‘Racist’ Passport Robot Rejects Taiwanese Man’s Photo Because His ‘Eyes Aren’t Open’
By Khier Casino
December 7, 2016
Richard Lee had his passport picture rejected by a government website in New Zealand because of a fault in the face-recognition software that registered his eyes as closed.
Lee, 22, who was born in Taiwan but raised in New Zealand, tried to renew his passport so he could travel back to Australia after Christmas on Monday, according to the NZ Herald.
But he was blocked after submitting his photo to an online passport checker run by the department of internal affairs.
The 22-year-old engineering student, who is currently studying aerospace engineering and business management in Melbourne, received an error message from the automated system, saying the photo was invalid because his eyes were shut, even though Lee was very obviously awake.
“The photo you want to upload does not meet our criteria because subjects eyes are closed,” the message read.
A spokesperson for the department of internal affairs told Lee that the reason it was rejected is because of “uneven lighting on the face.”
A copy of the notification was posted on Facebook and users started calling out the machine for racism.
“Technology is getting racist,” one user commented.
“Dude, his eyes are clearly open,” another person wrote.

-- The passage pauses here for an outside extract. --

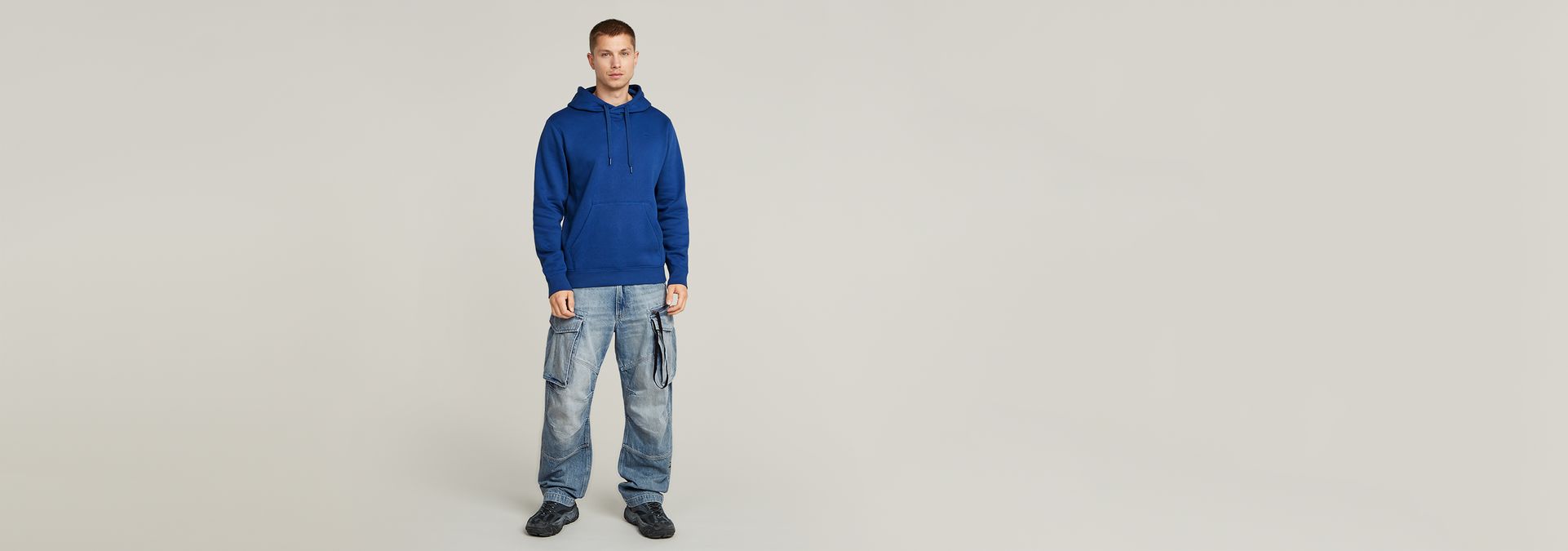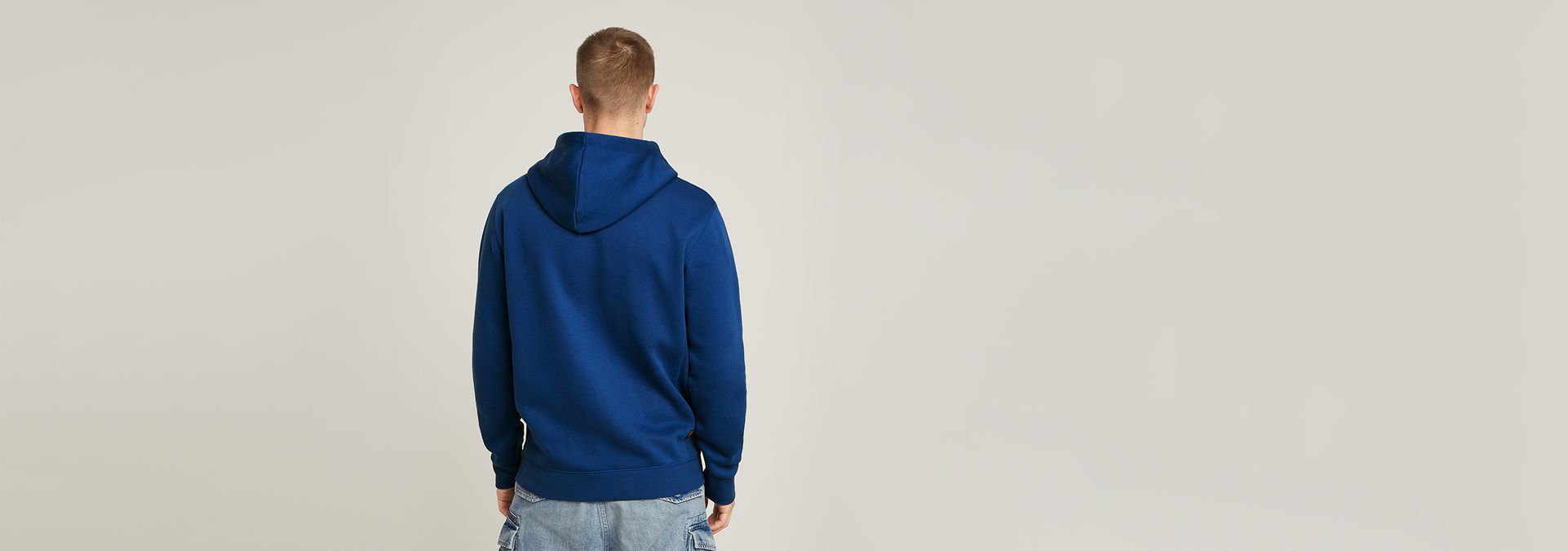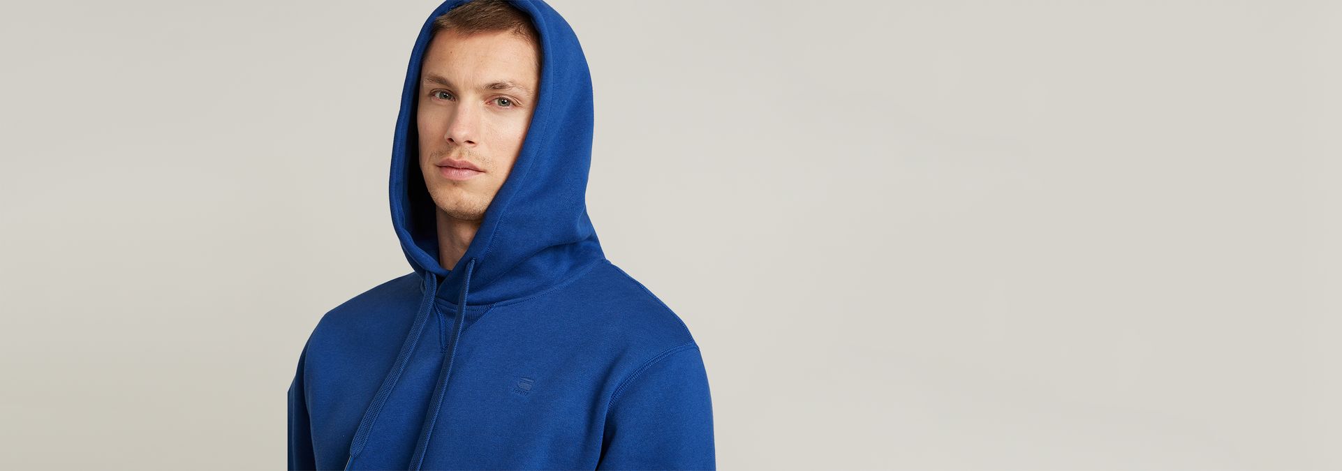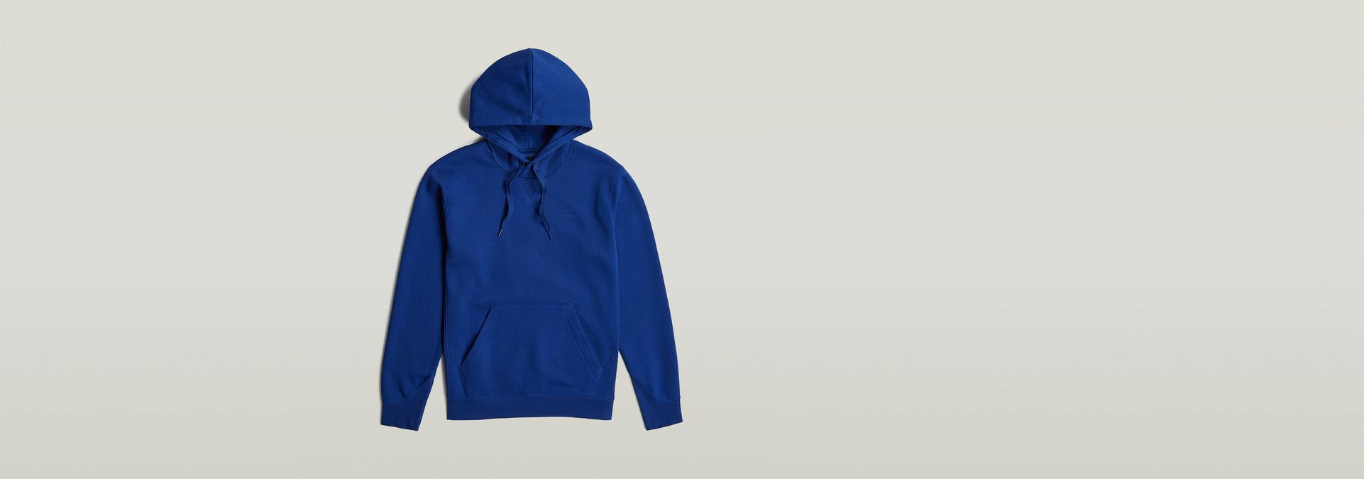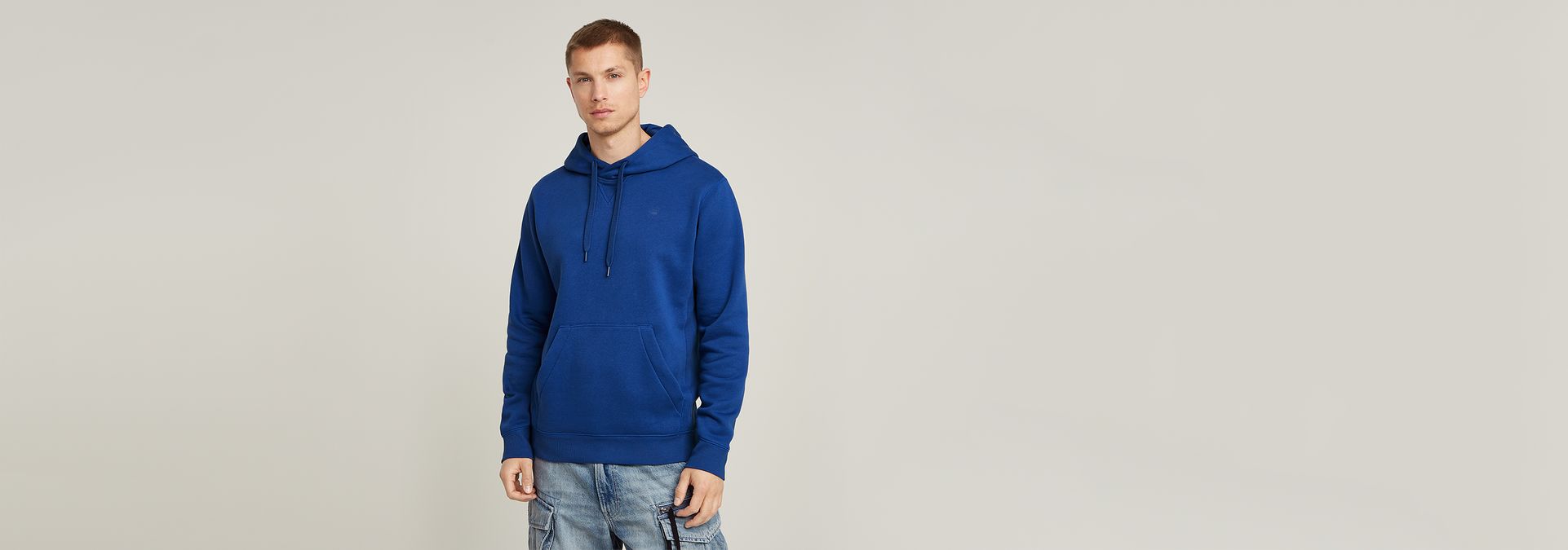 The Premium Core hoodie features a hood with a cross over construction and a ribbed inset piece. The long sleeves have a curved finish, showing a ribbed cuff underneath.

Others have claimed they have experienced similar issues when using the facial recognition software.
Lee, who also performs as a DJ under the name Richy Fancy, posted a hilarious selfie to Facebook using a Snapchat filter that widens the face and eyes, accompanied by the caption: “I hope they accept this one.”
Lee said the issue didn’t bother him and believes it wasn’t about race.
“No hard feelings on my part, I’ve always had very small eyes and facial recognition technology is relatively new and unsophisticated,” he told Reuters. “It was a robot, no hard feelings. I got my passport renewed in the end.”
According to an internal affairs spokesman, about 20% of passport photos are rejected online for several reasons.
“The most common error is a subject’s eyes being closed and that was the generic error message sent in this case,” the spokesman explained.
If users receive a message about their eyes being closed, the department suggests taking the picture again and make sure your eyes are wide open.